Today we release Logstash 6.4.0! This release focuses on both providing new features that have been in demand for a long time and continuing the trend of improving core stability and performance.

Plugins have always been crucial to Logstash's success so we've made several improvements such as introducing a read mode to the file input and rewriting the HTTP input internals to make it much faster. On the core side, Logstash has received over 25 pull requests of Ruby to Java refactorings and is now also capable of detecting incorrect or ambiguous field reference notations

Last but certainly not least, we've introduced the Azure Module (experimental feature): a solution to integrate your Azure activity logs and SQL diagnostic logs with the Elastic Stack. This addition brings into Logstash a new default input plugin to read data from Azure Event Hubs: the logstash-input-azure_event_hubs plugin.

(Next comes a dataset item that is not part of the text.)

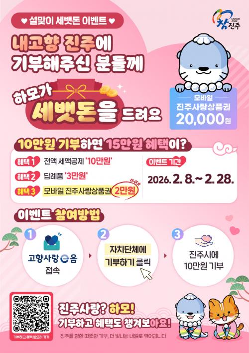 [½Åµ¿¾Æ¹æ¼Û °æ³²ÁøÁÖ=³²±Ã¿µ±â±âÀÚ] ÁøÁֽô 4ÀÏ ¼³ ¸íÀýÀ» ¸Â¾Æ ¿À´Â 2¿ù 8ÀϺÎÅÍ 2¿ù 28ÀϱîÁö¡®¼³¸ÂÀÌ °íÇâ»ç¶û±âºÎÁ¦ Ưº° À̺¥Æ®¡¯¸¦ ÁøÇàÇÑ´Ù°í ¹àÇû´Ù. À̹ø À̺¥Æ®´Â ¼³ ¸íÀý °íÇâ ÁøÁÖ¸¦ ãÀº ±Í¼º°´¿¡ ´ëÇÑ È¯¿µ°ú °¨»çÀÇ ¶æÀ» ÀüÇϰí, 2¿ù ¿¬¸»Á¤»ê ½Ã±â¡¦

Read on for a dive into these highlights and, for a complete list of changes, check the release notes.

Introducing the Logstash Azure Module (experimental)

image (1).png

This new module brings Azure operational monitoring, metrics and SQL activity into the Elastic Stack. It is now possible to monitor multiple facets of your Azure cloud environment, including:

  • Infrastructure activity monitoring like service health, user activity and alerts
  • SQL Database monitoring like storage utilization, wait times and performance of queries

All this information is presented in curated Kibana dashboards for easy navigation and exploration. While the data itself is consumed by Logstash through its new Azure Event Hubs input plugin, you won't have to create a Logstash pipeline to process the data, as all the necessary heavy lifting is done in the module, which you only have to configure through the logstash.yml configuration file. See the configuration section of the documentation to learn more about how to set up the Azure module.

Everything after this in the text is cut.